▶ _The task_
Write out again, exactly, the lines below starting at the one with "今回はチャコールの和装にチェ" and ending at the one with "Pour ces vacances".

▶ _Data_
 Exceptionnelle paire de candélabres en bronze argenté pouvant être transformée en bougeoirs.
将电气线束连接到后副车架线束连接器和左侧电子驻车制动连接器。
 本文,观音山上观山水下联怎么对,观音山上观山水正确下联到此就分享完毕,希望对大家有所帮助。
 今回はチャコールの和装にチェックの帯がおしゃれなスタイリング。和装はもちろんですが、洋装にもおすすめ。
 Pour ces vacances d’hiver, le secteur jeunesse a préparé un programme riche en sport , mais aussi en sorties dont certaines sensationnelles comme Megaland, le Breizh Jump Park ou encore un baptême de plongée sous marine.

--

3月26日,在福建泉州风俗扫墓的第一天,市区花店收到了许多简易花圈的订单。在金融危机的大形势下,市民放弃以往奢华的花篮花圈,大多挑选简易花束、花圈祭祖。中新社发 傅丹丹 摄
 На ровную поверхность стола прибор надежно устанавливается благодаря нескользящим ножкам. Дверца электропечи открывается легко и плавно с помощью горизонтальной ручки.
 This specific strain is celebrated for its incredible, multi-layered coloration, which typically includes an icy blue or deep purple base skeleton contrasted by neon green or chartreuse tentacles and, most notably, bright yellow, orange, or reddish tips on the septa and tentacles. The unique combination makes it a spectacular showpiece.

▶ _Written answer_
 今回はチャコールの和装にチェックの帯がおしゃれなスタイリング。和装はもちろんですが、洋装にもおすすめ。
 Pour ces vacances d’hiver, le secteur jeunesse a préparé un programme riche en sport , mais aussi en sorties dont certaines sensationnelles comme Megaland, le Breizh Jump Park ou encore un baptême de plongée sous marine.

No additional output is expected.